I was recently at a seminar run by the estimable folks at BOND (how we love an acronym in our sector!) on public attitudes to international development and what to do about them. It was very illuminating with latest research findings being presented on media coverage of issues related to world poverty and what people think about them including some entertaining and illuminating videos of comments made by focus groups.

In brief, most people think about international development very little, it is really not that important to them and they are terribly confused about the issues and what, if anything, to do about them. And they don’t trust governments, whether UK or African, at all.

So the mood at the seminar was pretty sombre. There was animated discussion about how we might change public attitudes but no consensus about how this might be done. Great was the weeping, wailing and tearing of clothes..

I was one of a handful of people at this meeting who didn’t share the overall anguish. For a start, I’ve been around long enough to have been involved in these discussions many times before and I can’t see very much that has really changed in public attitudes in the last couple of decades. In fact I can remember talking about donor fatigue about giving to Africa after Live Aid, nearly thirty years ago (obviously I was a child at the time…). People didn’t stop giving then and I don’t see why they will stop giving now.

But also I was struck that while the attitude of the public, shaped by media, to government aid was pretty sceptical, their views of charities were much more positive. The public want NGOs to be more involved in development aid not less (they also don’t want private companies to be involved at all). When presented with real need, and something that they can do about it, individuals in the UK will still give generously whether that need is in Africa or Aldershot.

So I am concerned that public support for UK government development aid is weak. I think that’s a problem because I believe our aid budget is a good thing. But I am encouraged that the public think more of that budget should be distributed via NGOs and I strongly believe that if those same NGOs can clearly, simply and convincingly explain what they are doing to relieve human suffering in poorer countries, the public will continue to give also. And give more.

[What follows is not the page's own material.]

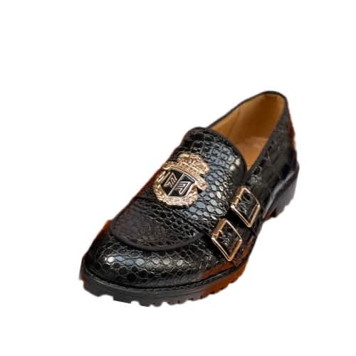 Buy Men's Monk Strap Croc Leather Loafers Shoe : Black in Nigeria

A week after Sport Relief has again raised record sums, a large proportion of which will go to fighting poverty in developing countries, I think our sector’s collective tendency towards gloom and despondency needs some challenging.

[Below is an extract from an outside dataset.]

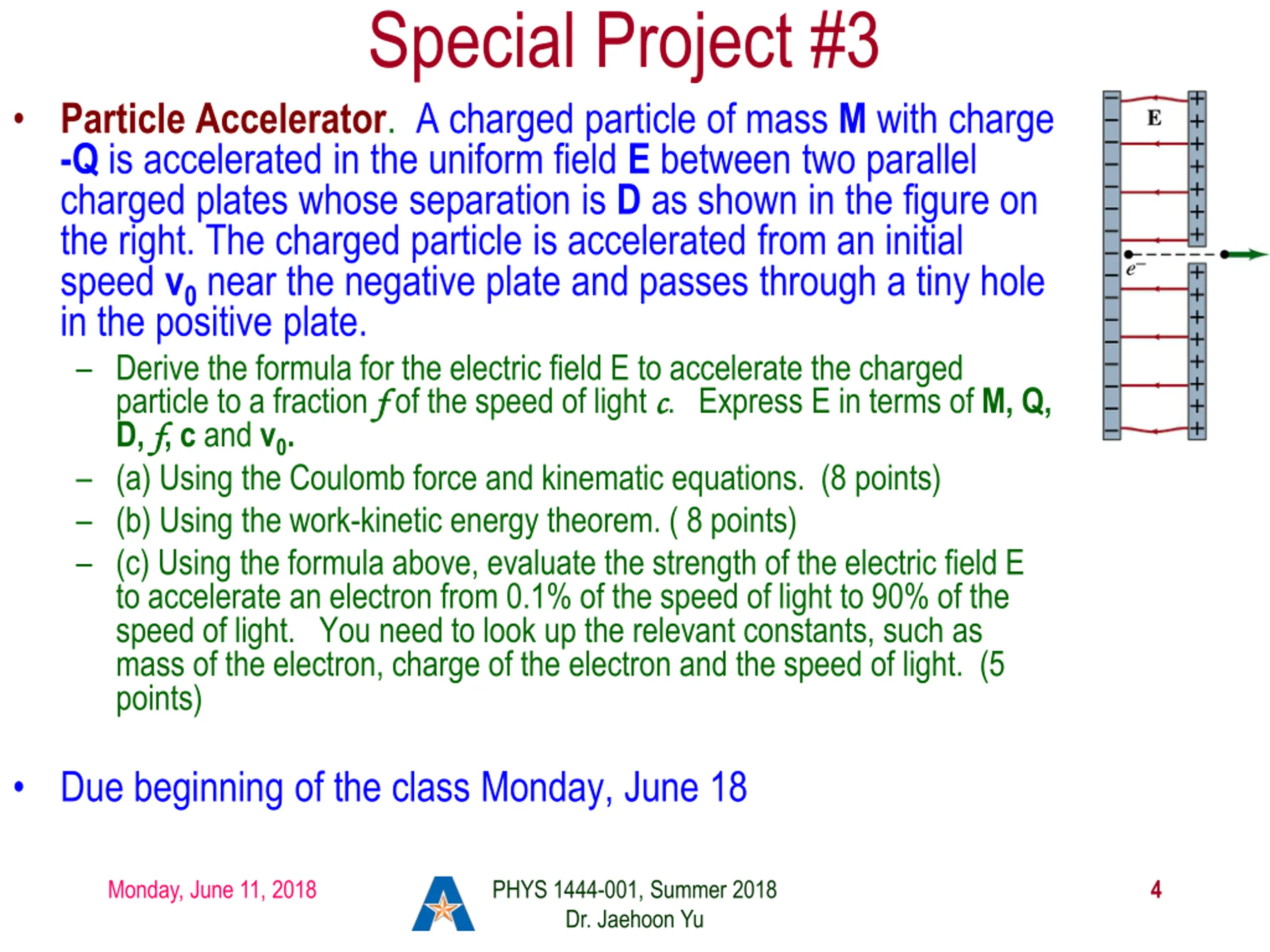 Special Project #3 Particle Accelerator. A charged particle of mass M with charge -Q is accelerated in the uniform field E between two parallel charged plates whose separation is D as shown in the figure on the right. The charged particle is accelerated from an initial speed v0 near the negative plate and passes through a tiny hole in the positive plate. Derive the formula for the electric field E to accelerate the charged particle to a fraction f fof the speed of light c c. Express E in terms of M, Q, D, f f, c and v0. (a) Using the Coulomb force and kinematic equations. (8 points) (b) Using the work-kinetic energy theorem. ( 8 points) (c) Using the formula above, evaluate the strength of the electric field E to accelerate an electron from 0.1% of the speed of light to 90% of the speed of light. You need to look up the relevant constants, such as mass of the electron, charge of the electron and the speed of light. (5 points) Due beginning of the class Monday, June 18 Monday, June 11, 2018 PHYS 1444-001, Summer 2018 Dr. Jaehoon Yu 4

We’re not all doomed. At least, not yet..

2 thoughts on “Doom, gloom and despair

  1. Hi Tobin – broadly agree with the analysis that this is not a new phenomenon, but what I think is positively different this time around is that the public do not accept the tired old narrative put out by the aid industry that all they need to do is give a bit more money. Sorry, but if that was the case poverty would not still be as endemic as it is now. Most notable perhaps is that this criticism is increasingly coming from civil society in recipient countries who challenge the idea that you can achieve “development” without tackling the political and power dynamics that prevent progress being made. Dambisa Moyo is far from the only example of this, John Githongo would be another.
    The reason the MDGs have left the poorest and most vulnerable, well, poor and vulnerable (World Development Report 2011 is a good illustration of this) is that they specifically ignored the political in favour of the economic.
    Let’s hope the next phase of development deals with the world as it is rather than avoiding all those rather awkward issues.